Hi Adrien,
this looks very interesting - I'm happy to see your work and I briefly
looked into your sources and API. With your 440 000 images, do you
have any clear idea about the accuracy of ORB? To explain: I'm working
on Elog.io, which provides a *similar* service and API[1] as yours,
but uses a rather different algorithm and store, and a different use
case. Our algorithm is a variant of a Blockhash[2] algorithm, which
does not do any feature detection at all, but which can easily run in
a browser or mobile platform (we have versions for JavaScript, C and
Python) to generate 256 bit hashes of images. With a hamming distance
calculation, we then determine the quality of a match.
We work primarily on a use case of verbatim use, with a user getting
images from Wikimedia and re-using them elsewhere. Algorithms without
feature detection give very bad results for any modifications to an
image, like rotating, cropping, etc. But since that's not within our
use case, it works, though the flip side of if them is of course that
you can't expect to photograph something (a newspaper article with an
image for instance) and then match it against a set of images as you
expect to be able to do.
The other difference is that our database store isn't specifically
tailored to our hashes: we use W3C Media Annotations to store any kind
of metadata about images, and could equally well store your ORB
signatures assuming they can be serialised.

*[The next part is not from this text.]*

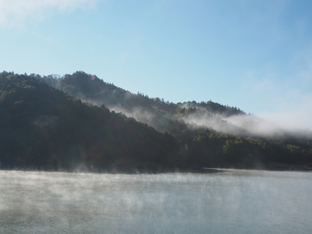 晴れ渡る日差しの中、湖面から立つ
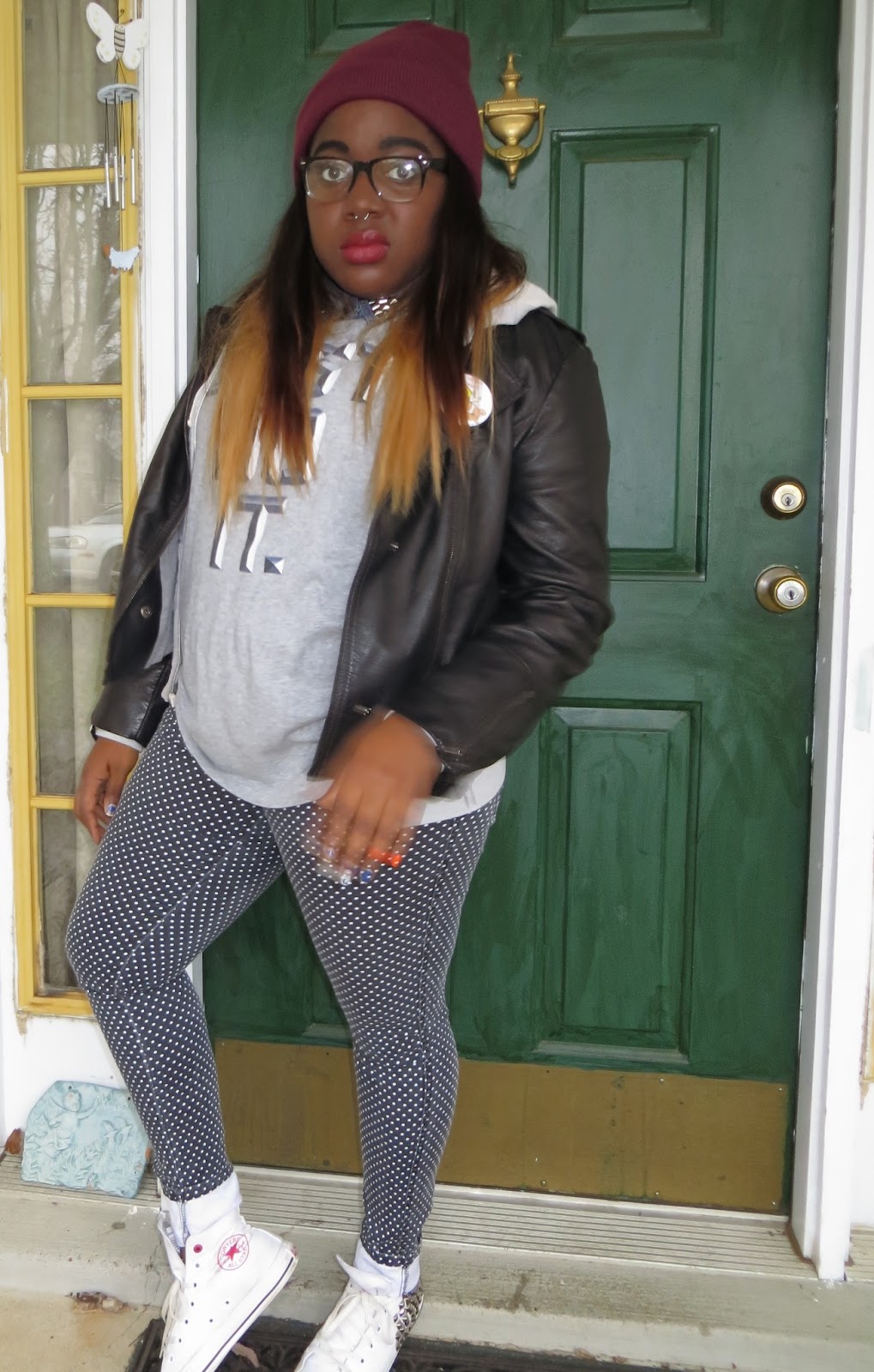 There is nothing I hate more than the rain, yeah I get its purpose and what not but seriously I cannot stand getting rained on; which is exactly what happened to me whilst taking pictures this morning. Luckily I took refuge on my front porch. Another thing that annoys me about rainy days is actually getting dressed for one, I would much rather nap all day long and watch movies. I love rediscovering things in my closet, like these polka dot pants. I love printed jeans, they make such a statement that you don't have to do much else. I decided to layer sporty basics on top like this Nike, i grabbed out of my brother's closet and this warm zip up hoodie. Lastly I topped it off with my faux leather jacket which has seriously become an everyday jacket for me. I have an obsession with chucks and I feel foolish wearing canvas shoes in the rain but these shoes completed the outfit for me so yeah!

To give you some numbers, for our use cases (verbatim use, potentially
with format change jpg->png etc, and scaling down to 100px width) we
can successfully match ca 87% of cases, and we have a collision rate
(different images resulting in same or near same hashes) of ca 1,2%.
Both numbers against the Wikimedia Commons set.
While we currently have the full ~22M images from Wikimedia Commons in
our database, we're still ironing out the kinks of the system and
making some additional improvements. If you think that we should
consider ORB instead of or in addition to our current algorithms, we'd
love to give that a try, and it'd obviously be very interesting if we
could end up having compatible signatures compared to your database.
Sincerely,
Jonas
[1]
http://docs.cmcatalog.apiary.io
[2]
http://blockhash.io
Jonas
On 24 November 2014 at 11:25, Adrien Maglo <adrien(a)visualink.io> wrote:
Hello,
I am not sure this is the right mailing list to introduce this project but I
have just released Displee. It is a small Android app that allows to search
for images in the English Wikipedia by taking pictures:
https://play.google.com/store/apps/details?id=org.visualink.displee
It is a kind of open source Google Goggles for images from
en.wikipedia.org.
I have developed Displee as a demonstrator of Pastec
http://pastec.io, my
open source image recognition index and search engine for mobile apps.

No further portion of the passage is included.